Contributed by Joe Montero
Praise over the Morrison government’s generosity with JobSeeker and JobKeeker is misplaced and premature.
Enough has been said to reveal the pattern of what can be expected. Here are some quick observations spelling out the barely hidden truth. A more detailed response will come in due course.
This is what we were told onthe eve of the 21 July economic statement, when more is to be revealed.

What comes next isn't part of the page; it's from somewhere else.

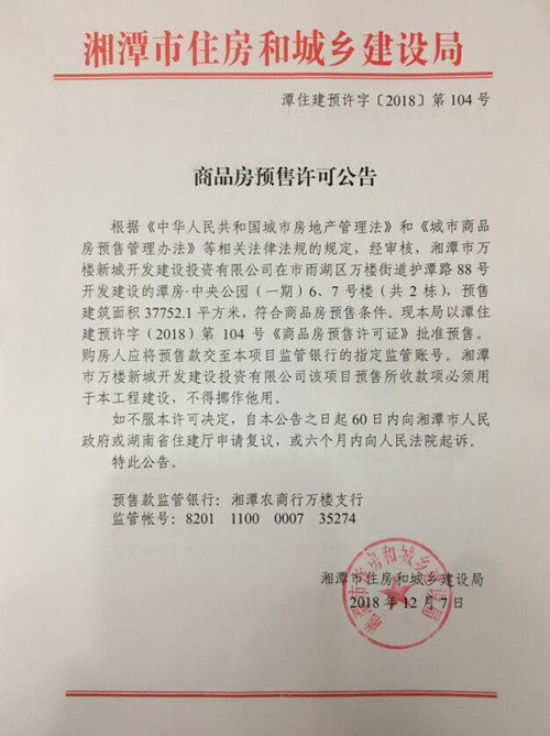 經(jīng)審核,湘潭市萬樓新城開發(fā)建設(shè)投資有限公司在市雨湖區(qū)萬樓街道護(hù)潭路88號開發(fā)建設(shè)的潭房·中央公園(一期)6、7號樓(共2棟),預(yù)售建筑面積37752.1平方米,符合商品房預(yù)售條件。現(xiàn)湘潭市住建局以潭住建預(yù)許字(2018)第104號《商品房預(yù)售許可證》批準(zhǔn)預(yù)售。 |

Although both payment are to continue as they are, at least till September, the hurt is in the detail.
The current JobSeeker payments of $1,100 per fortnight will only continue for some. Those on unemployment before the lockdown, will go back to trying to live on $40 a day. This has been politely called ‘tailoring’. In reality, it’s a cut in JobSeeker through the backdoor.
Same story for JobKeeper. This is to be targeted more carefully. Read: Fewer businesses will be covered. Although the prime minister has said those that don’t really need it won’t get it, and those struggling to cope will, what this means hasn’t been defined.
We have seen that some of the biggest businesses have the resources and incentive to manipulate the system. They can reduce the size of operations and profit from the subsidy. It’s all about the ratio between the loss of revenue from the scaling down and the saving in labour costs, within the context of a sluggish market.
Small players don’t operate on a scale large enough to benefit from this advantage. This is a big reason why the biggest companies have been taking the lion’s share of JobKeeper. The scam has not been ruled out and is likely to continue unchecked.
The bottom line, is that fewer of the workers missing out on wages are going to get the JobKeeper payment.
Small and medium sized businesses will continue to be given access to cheap loans, through the arrangement already made with the banks. The maximum has been raised from $250,000 to $1 Million. The biggest change, however, is that instead of being provided to keep current operations going, they loans will be tailored towards new investments.
How this is going to help small and medium businesses to keep on going in the difficult situation they find themselves, hasn’t been explained. Those struggling day to day to survive are not going to undertake new ventures. It doesn’t add up, unless the money is really going somewhere else.
The most likely purpose, is to encourage greater automation and provide fewer jobs. This is called increasing the capital intensity of operations. and it is taking place at a time when there is already not enough work for all.
Genuinely struggling business is going to saddle up with new debt. If they don’t have the revenue coming for when payments on the loan are due, the prospect is closing their doors for good.
The idea that business will suddenly spring back to where it was before and expand is wrong. In the best of conditions, recovery will take time.
The assistance promised to small and medium businesses is largely a mirage. And the generosity towards recipients of Jobseeker and JobKeeper is the phasing out of payments, made to look like a gift.
New economic modelling by the Australia Institute shows that a return to $40 a day will put at least 4.5 million Australians into serious poverty.
The direction being taken by the government only makes sense, when the real underlying policy is to deliberately create a bigger pool of unemployed, as a source of cheap labour forced to work for less, to be used to pull down wage rates of those who do have work.
This is not what Australia needs.
Ben Oquist, executive director of the Australia Institute said: ‘
“This will not only have serious negative social effects for decades to come but makes terrible economic policy by effectively withdrawing much-needed stimulus.”
This is why there are calls to at the minimum keep the JobSeeker and JobKeeper at the present level permanently.
It is an indispensable part of coping with the pandemic, as well as rejigging and rebuilding an economy that puts people first, after it is over.